TRY IT
All that is wanted is the exact text of the lines below from the one with "Встроенные полки для" through the one with "Un personnage-totem, des", inclusive, minus any pictures.

DATASET RECORDS
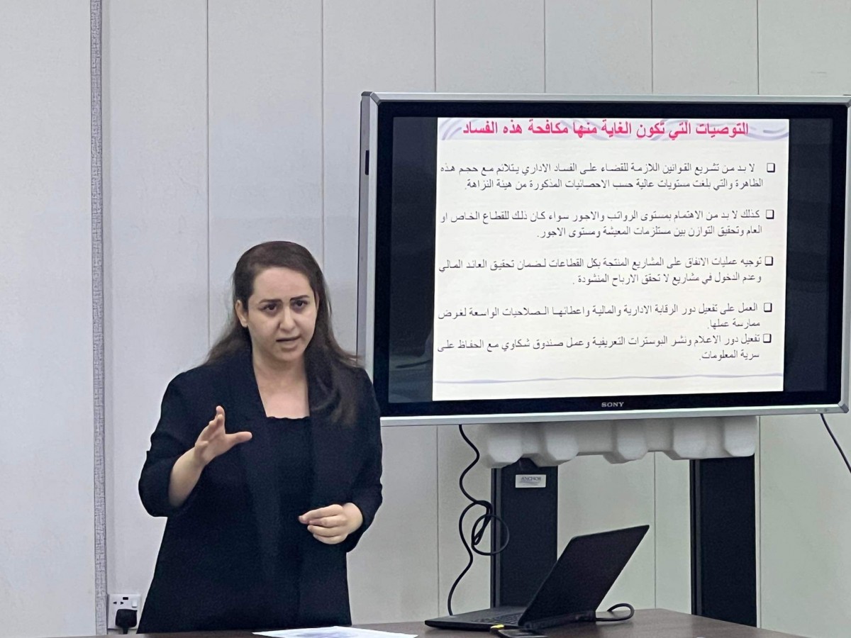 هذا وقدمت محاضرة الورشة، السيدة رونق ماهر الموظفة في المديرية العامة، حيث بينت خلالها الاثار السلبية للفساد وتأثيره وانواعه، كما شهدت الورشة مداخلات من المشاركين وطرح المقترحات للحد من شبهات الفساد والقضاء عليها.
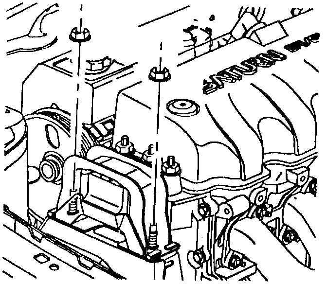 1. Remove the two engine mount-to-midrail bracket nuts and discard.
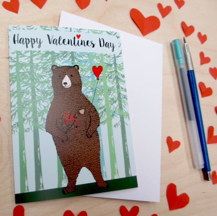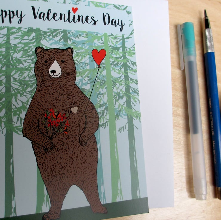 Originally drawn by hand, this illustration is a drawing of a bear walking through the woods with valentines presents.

--

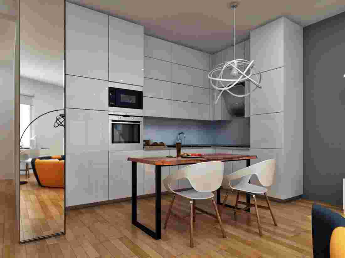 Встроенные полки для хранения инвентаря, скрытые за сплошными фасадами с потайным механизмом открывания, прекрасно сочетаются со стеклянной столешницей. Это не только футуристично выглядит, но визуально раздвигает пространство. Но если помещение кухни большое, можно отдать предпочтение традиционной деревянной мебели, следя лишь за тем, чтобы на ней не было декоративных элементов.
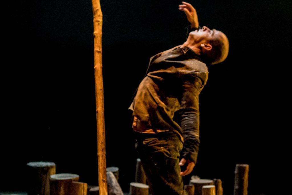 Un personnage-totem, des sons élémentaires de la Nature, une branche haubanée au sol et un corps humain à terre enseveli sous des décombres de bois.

WRITTEN SOLUTION
 Встроенные полки для хранения инвентаря, скрытые за сплошными фасадами с потайным механизмом открывания, прекрасно сочетаются со стеклянной столешницей. Это не только футуристично выглядит, но визуально раздвигает пространство. Но если помещение кухни большое, можно отдать предпочтение традиционной деревянной мебели, следя лишь за тем, чтобы на ней не было декоративных элементов.
 Un personnage-totem, des sons élémentaires de la Nature, une branche haubanée au sol et un corps humain à terre enseveli sous des décombres de bois.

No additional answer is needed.